Synkinesis and Hyperkinesis



10.1055/b-0034-92472

Synkinesis and Hyperkinesis

Barry M. Schaitkin

Unwanted facial nerve movement disorders take many forms. Hemifacial spasm is a unilateral hyperactivity that usually begins focally and may progress to involve all ipsilateral facial muscles. Essential blepharospasm consists of involuntary movements of the obicularis oculi muscles, usually of middle-aged or older patients. Injuries to the facial nerve, from whatever etiology (e.g., surgery, trauma, tumors, or infection), follow a predictable course. These patients begin with denervation, and the subsequent reinnervation is characterized by hyperactive function of the facial nerve with resultant hyperkinesis and synkinesis.


There are of course additional features of facial nerve recovery that affect areas other than the muscles of facial expression including crocodile tears and stapes tendon contraction. To better understand these issues the reader is directed to Chapter 3 of this book for histopathology of the facial nerve, to Chapter 5 for the classification of these aberrant movements through the many classification systems, to Chapter 17 for discussion of hemi-facial spasm, and to Chapter 25 for physical therapy rehabilitation, which is a mainstay of treatment of these disorders.



Pathophysiology of Synkinesis


Dr. Kedar Adour was fond of saying that contracture and synkinesis follow facial nerve degeneration and regeneration as day follows night (personal communication). In other words, patients who develop a complete facial paralysis invariably have some element of these undesired facial movements. Patients on the other hand who, for whatever reason (viral, trauma, surgery), develop an incomplete acute facial paralysis almost never develop hyperactive facial nerve features.


The three leading theories on why the movements occur are either ephaptic transmission between adjacent nerves, aberrant fiber regeneration, or changes at the facial nerve nucleus. In 1996, Moran and Neely analyzed 11 consecutive patients with abnormal movements looking for insight into which of these three theories was most tenable. Looking closely at the common reproducible patterns of synkinetic movement showed that mouth synkinesis from voluntarily eyelid closure was present universally. In addition, they had cases where the synkinetic activity occurred too quickly to have arisen from fiber regeneration. The repetitive nature of the patterns of synkinesis and speed at which they occur suggested that something occurring at the facial nerve nucleus was more likely or was occurring in addition to the more popular theory of aberrant fiber regeneration.1 These synkinetic movements are of incredible concern to the patient and rank above facial paresis in their societal impact.2


After facial nerve lesions occur with regeneration, the topography of the facial nerve nucleus is disturbed as demonstrated by horseradish peroxidase studies.3 In the rat model, clearly in addition to the regenerating facial nucleus, there is an increased number of collateral branches peripherally.4 In the rat, the possibility of ephaptic transmission (the direct electrical excitability of adjacent intact neurons and even cortical effects of unwanted facial movements) is difficult to prove or disprove at this point.


Hyperexcitability of the nerve may also occur without degeneration and regeneration as the initial phases of irritated lesion. It is well known that slowly compressive noninvasive lesions such as cholesteatoma may be accompanied by either weakness or hyperexcitability.
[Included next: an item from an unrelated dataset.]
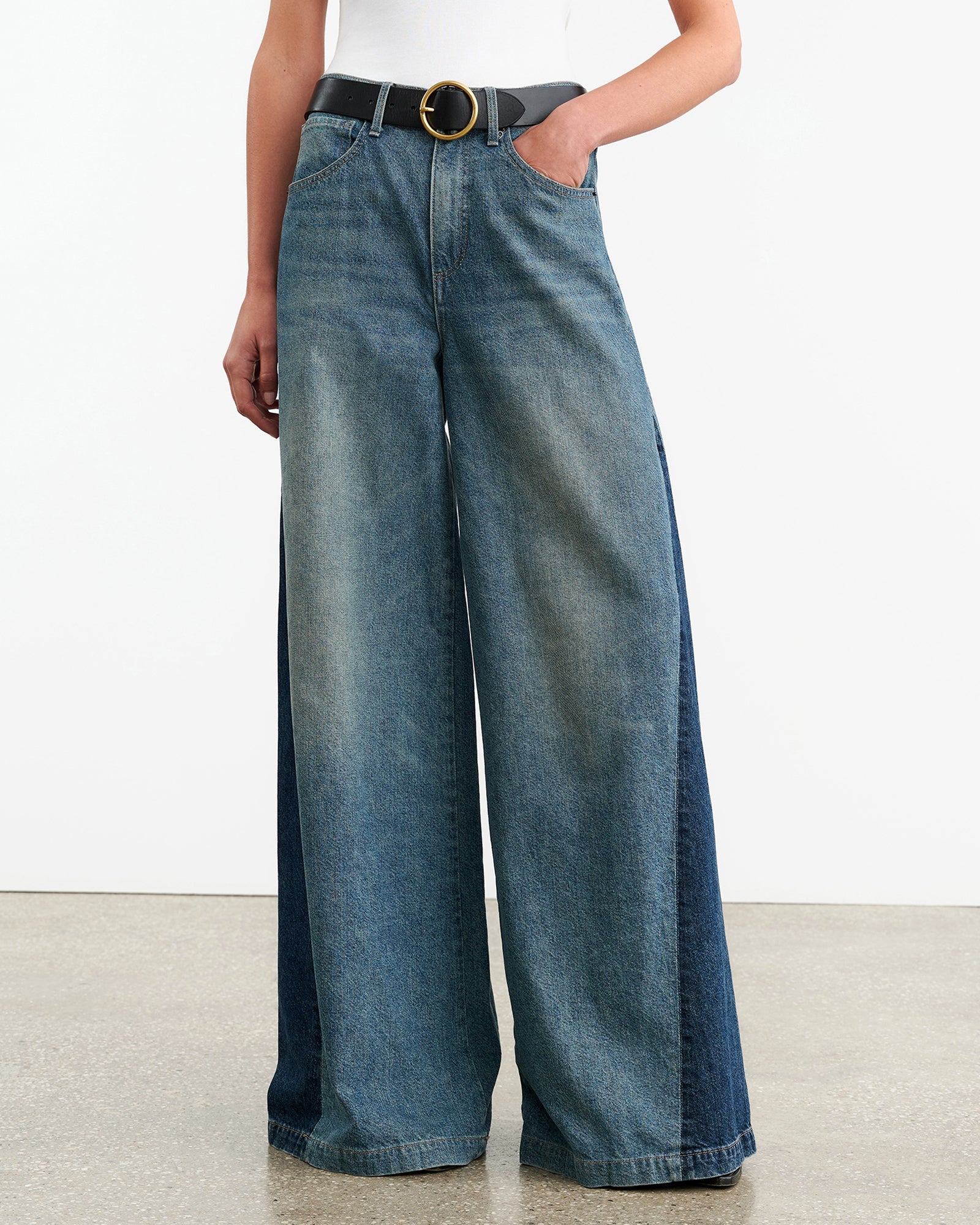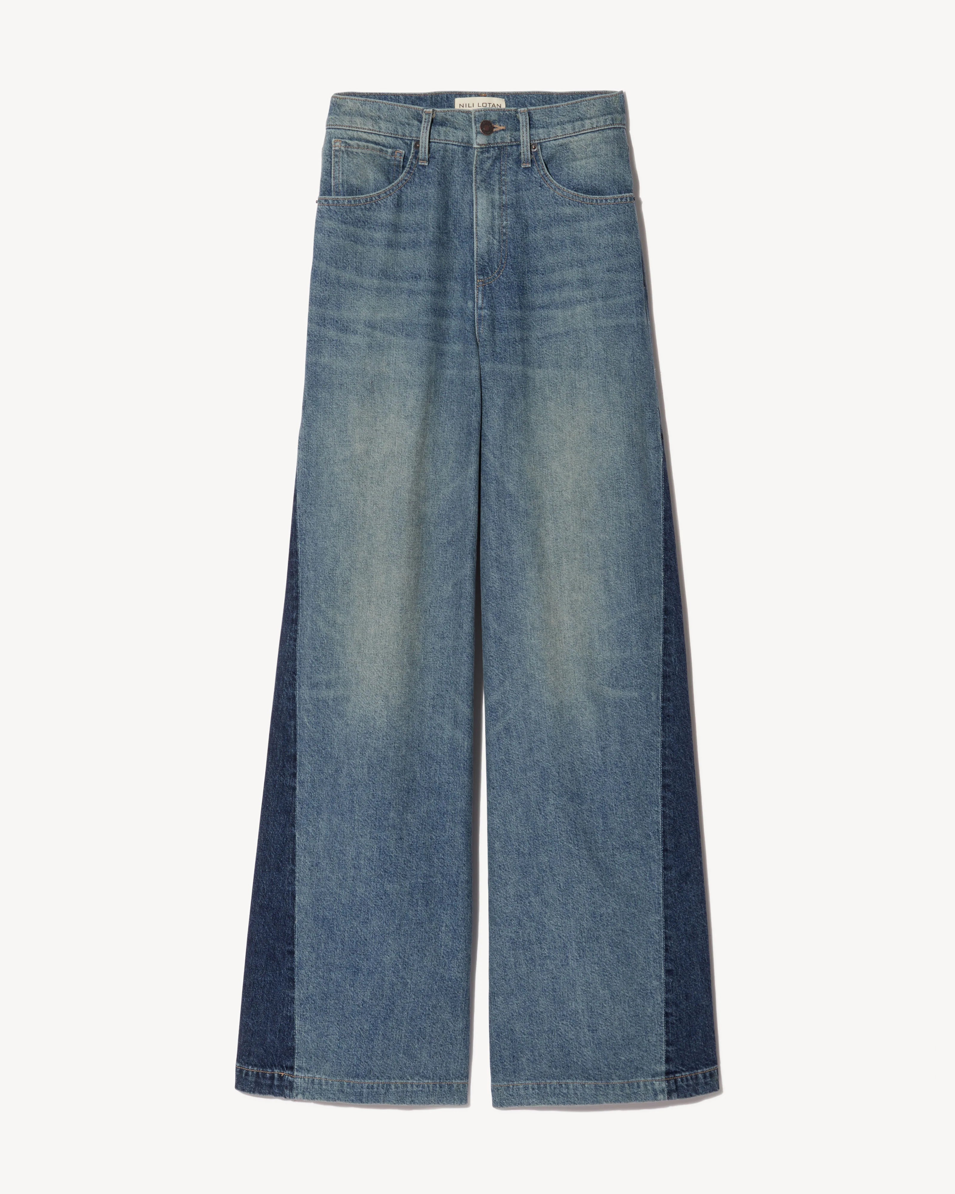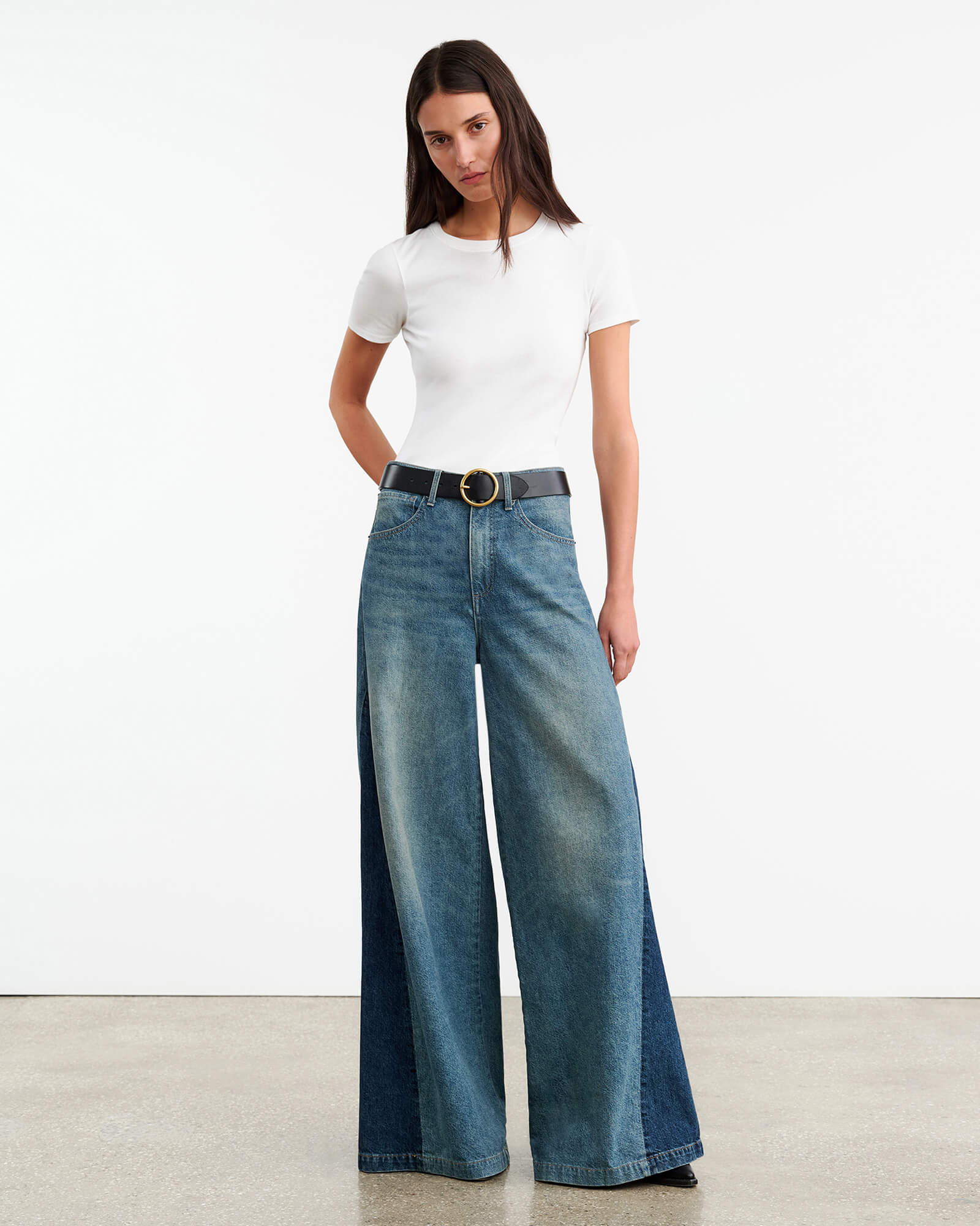 Mid-rise wide flare leg jean in Japanese denim. Patchwork insert. Five pocket detail. Zip fly. Shank closure. Belt loops.

Evaluation of Patients with Hyperkinesis and Synkinesis


A detailed history is critical in approaching a patient with hyperkinesis and synkinesis. The vast majority of patients with these issues have a history that points directly to a diagnosis. Patients who have had trauma with sudden complete facial paralysis or those who have had surgical activity near the facial nerve with complete facial paralysis will give a history suggesting these events as the cause of their unwanted facial movement. Likewise a classic history for a Bell palsy or Ramsay Hunt syndrome is very helpful in understanding the origin of unwanted facial movements. The patient is often confused by the onset of these movements in a period of time after when they believe that their recovery has already occurred. These late manifestations of recovery often suggest to the patient, or referring doctor, a new process at work rather than a late sequela of the original event. It is precisely because these findings are late that mandates that evaluation and classification of recovery after facial paralysis wait at least 6 months because of the possibility that the degree of synkinesis will change their classification. The treating physician is wise to remember that any intervention along this normal time course can find the physician being blamed for increased hyperkinetic activity after their intervention (surgery, botulinum neurotoxin, etc.) even though the patient is actually experiencing the normal history of facial nerve recovery.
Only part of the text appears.